December 07, 2000 15:30
Now's the season for what's known as "kimjang" in Korea. Time to make triple or quadruple the normal amount of "kimchi" a spicy traditional side dish of pickled vegetables before winter comes knocking on the door.
Long before green houses or refrigerators, ancient Koreans had stored batches of kimchi underground to last them through the freezing cold up until spring time. However, over the years, this annual event of "kimjang" has begun to lose its place in the Korean culture.
A recent survey has found that the percentage of Korean women in their twenties who actually do "kimjang" these days, doesn't even amount to a third of their mother's generation.
The Capital Seoul last month conducted a phone survey on 500 housewives asking whether they planned to do "kimjang" this year. The results showed a stark contrast between those in their twenties and fifties by almost 54 percent.
Instead of going through the hassle of "kimjang" many housewives had alternatives like asking for kimchi from relatives or making small amounts of kimchi now and then or buying it ready-made.

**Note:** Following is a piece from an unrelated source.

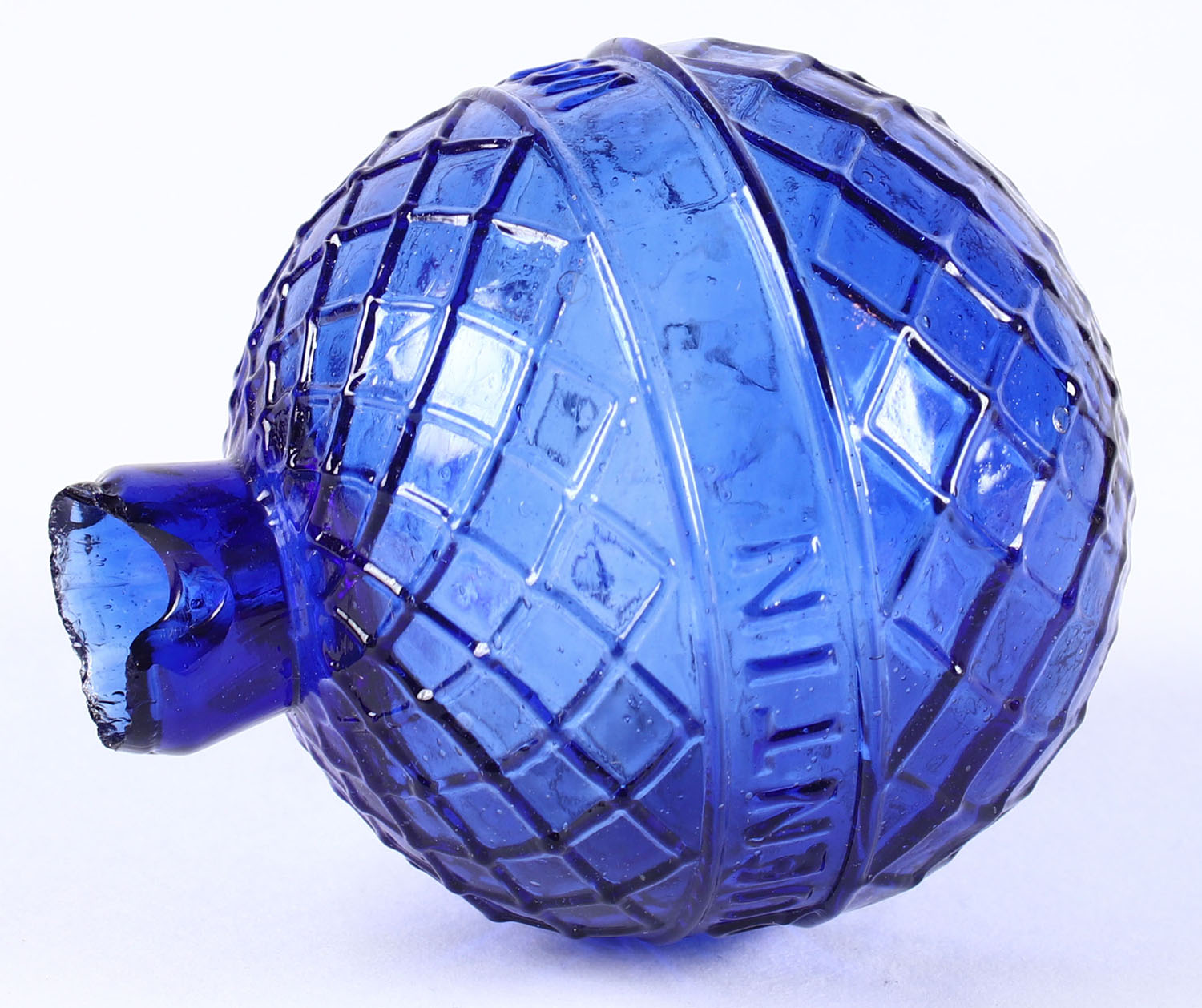 RARE! Dark Blue Glass Target Ball, fishnet design, ''Van Custom A St Quentin 3 piece, high neck, wonderful condition. Grade: Excellent ++ - Value: 300 to 600

According to industry observers, people nowadays are just too busy or can't be bothered to go through the ordeal. Especially when kimchi is available in supermarkets and greenhouses provide fresh vegetables all year round. But another reason is a newly developed creation called the "kimchi refrigerator" which guarantees freshness for up to four months all the more reason for people not to find the need for "kimjang." By the end of this year, as many as 1.1 million kimchi refrigerators are expected to be sold meaning one out of five Korean households will own one of them.

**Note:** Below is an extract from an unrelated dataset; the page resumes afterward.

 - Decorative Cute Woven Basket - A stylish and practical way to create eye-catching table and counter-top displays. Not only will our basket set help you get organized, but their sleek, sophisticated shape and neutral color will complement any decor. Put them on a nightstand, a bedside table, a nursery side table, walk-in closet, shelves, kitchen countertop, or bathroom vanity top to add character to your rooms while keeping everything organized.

The meaning of "kimjang," historians explain goes beyond the process of making massive piles of kimchi for winter provisions. In the beginning it had meant exchanging labor between neighbors. And within the family, a mother passing down to her daughter one's devotion to creating the perfect taste. And those who stick to "kimjang" say it is these age-old traditions that Koreans should learn to preserve and pass down to future generations.